Snowflake external functions use a specific request/response format:
Request:
{
"data": [
[0, "value1"],
[1, "value2"]
]
}Response:
{
"data": [
[0, "result1"],
[1, "result2"]
]
}Row numbers must match exactly between request and response.
Snowflake automatically prefixes all custom headers with sf-custom-. When you define a header in your Snowflake EXTERNAL FUNCTION, Snowflake adds this prefix before sending the request.
For example, if you define 'X-Skyflow-Operation' = 'tokenize' in your function's HEADERS clause, Snowflake will send it as sf-custom-X-Skyflow-Operation.

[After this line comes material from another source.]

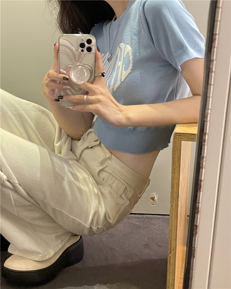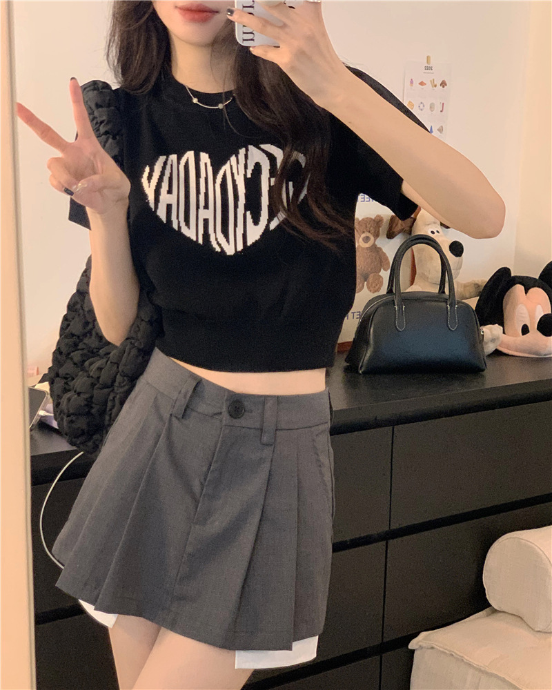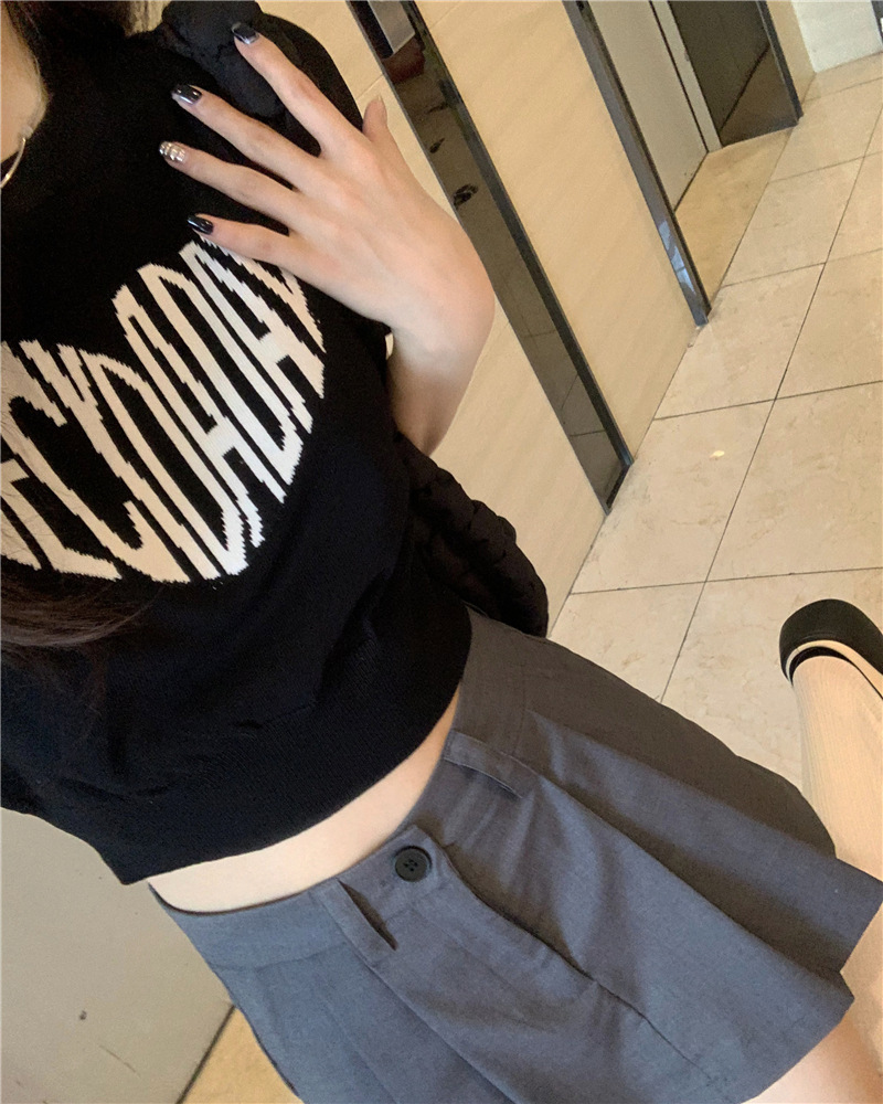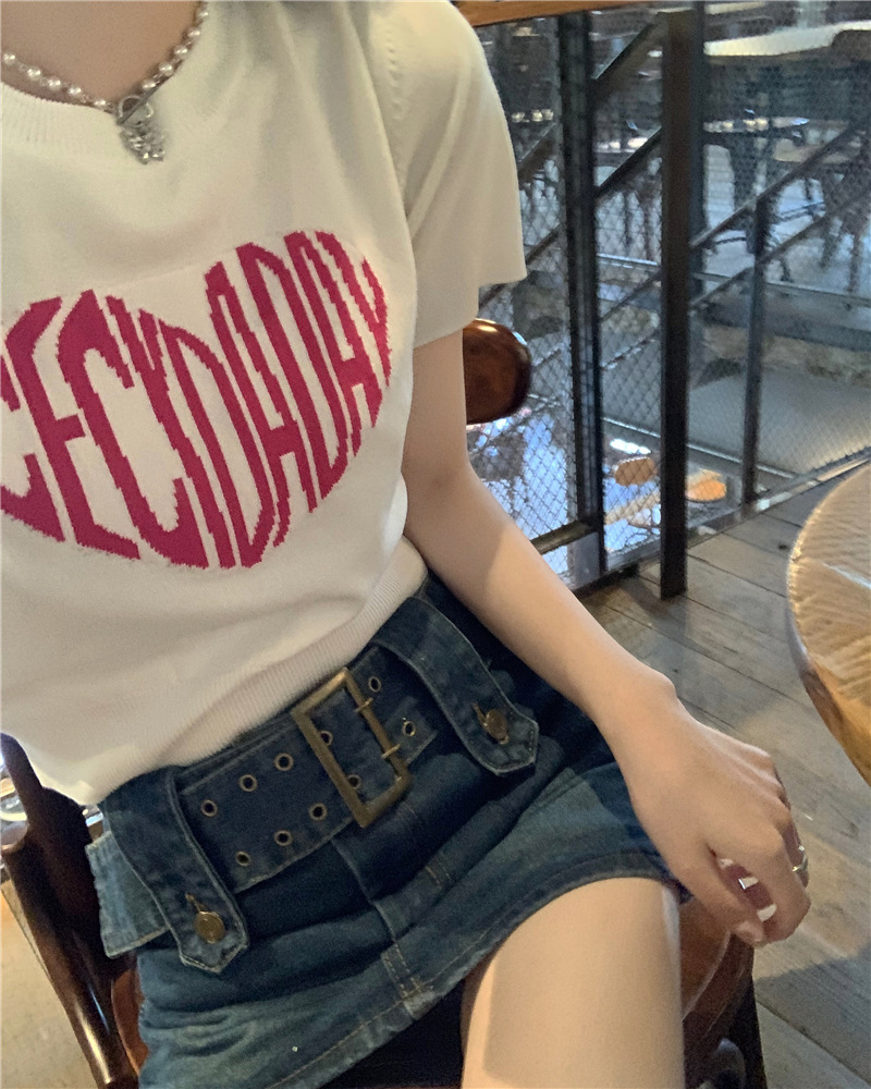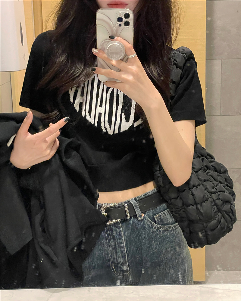 2025 여름 신상 트렌디 한국 스타일 달콤하고 매운 반팔 레터 프린트 슬림핏 라운드넥 숏 니트 여성복스토어 가기

Headers to define in Snowflake (without the sf-custom- prefix):
| Header Name (in Snowflake) | Sent As | Required | Used For | Description |
|---|---|---|---|---|
X-Skyflow-Operation |
sf-custom-X-Skyflow-Operation |
Yes | Both | Operation to perform: "tokenize" or "detokenize" |
X-Skyflow-Cluster-ID |
sf-custom-X-Skyflow-Cluster-ID |
Yes | Both | Your Skyflow cluster ID |
X-Skyflow-Vault-ID |
sf-custom-X-Skyflow-Vault-ID |
Yes | Both | Your Skyflow vault ID |
X-Skyflow-Env |
sf-custom-X-Skyflow-Env |
No | Both | Skyflow environment: "SANDBOX" or "PROD" (defaults to PROD) |
X-Skyflow-Table |
sf-custom-X-Skyflow-Table |
Yes | Tokenize only | Table name for storing data |
X-Skyflow-Column-Name |
sf-custom-X-Skyflow-Column-Name |
Yes | Tokenize only | Column name in the table (single-column operations only) |
CREATE OR REPLACE API INTEGRATION skyflow_api_integration
API_PROVIDER = aws_api_gateway
API_AWS_ROLE_ARN = 'arn:aws:iam::YOUR_ACCOUNT:role/snowflake-api-role'
ENABLED = TRUE
API_ALLOWED_PREFIXES = ('https://YOUR_API_ID.execute-api.us-east-1.amazonaws.com/');-- Production tokenize function
CREATE OR REPLACE EXTERNAL FUNCTION skyflow_tokenize(plaintext VARCHAR)
RETURNS VARCHAR
API_INTEGRATION = skyflow_api_integration
HEADERS = (
'X-Skyflow-Operation' = 'tokenize',
'X-Skyflow-Cluster-ID' = 'ebfc9bee4242',
'X-Skyflow-Vault-ID' = 'ac7f4217c9e54fa7a6f4896c34f6964b',
'X-Skyflow-Env' = 'PROD',
'X-Skyflow-Table' = 'users',
'X-Skyflow-Column-Name' = 'email'
)
AS 'https://YOUR_API_ID.execute-api.us-east-1.amazonaws.com/processSnowflake';
-- Sandbox tokenize function (optional)
CREATE OR REPLACE EXTERNAL FUNCTION skyflow_tokenize_sandbox(plaintext VARCHAR)
RETURNS VARCHAR
API_INTEGRATION = skyflow_api_integration
HEADERS = (
'X-Skyflow-Operation' = 'tokenize',
'X-Skyflow-Cluster-ID' = 'your-sandbox-cluster-id',
'X-Skyflow-Vault-ID' = 'your-sandbox-vault-id',
'X-Skyflow-Env' = 'SANDBOX',
'X-Skyflow-Table' = 'users',
'X-Skyflow-Column-Name' = 'email'
)
AS 'https://YOUR_API_ID.execute-api.us-east-1.amazonaws.com/processSnowflake';-- Production detokenize function
CREATE OR REPLACE EXTERNAL FUNCTION skyflow_detokenize(token VARCHAR)
RETURNS VARCHAR
API_INTEGRATION = skyflow_api_integration
HEADERS = (
'X-Skyflow-Operation' = 'detokenize',
'X-Skyflow-Cluster-ID' = 'ebfc9bee4242',
'X-Skyflow-Vault-ID' = 'ac7f4217c9e54fa7a6f4896c34f6964b',
'X-Skyflow-Env' = 'PROD'
)
AS 'https://YOUR_API_ID.execute-api.us-east-1.amazonaws.com/processSnowflake';
-- Sandbox detokenize function (optional)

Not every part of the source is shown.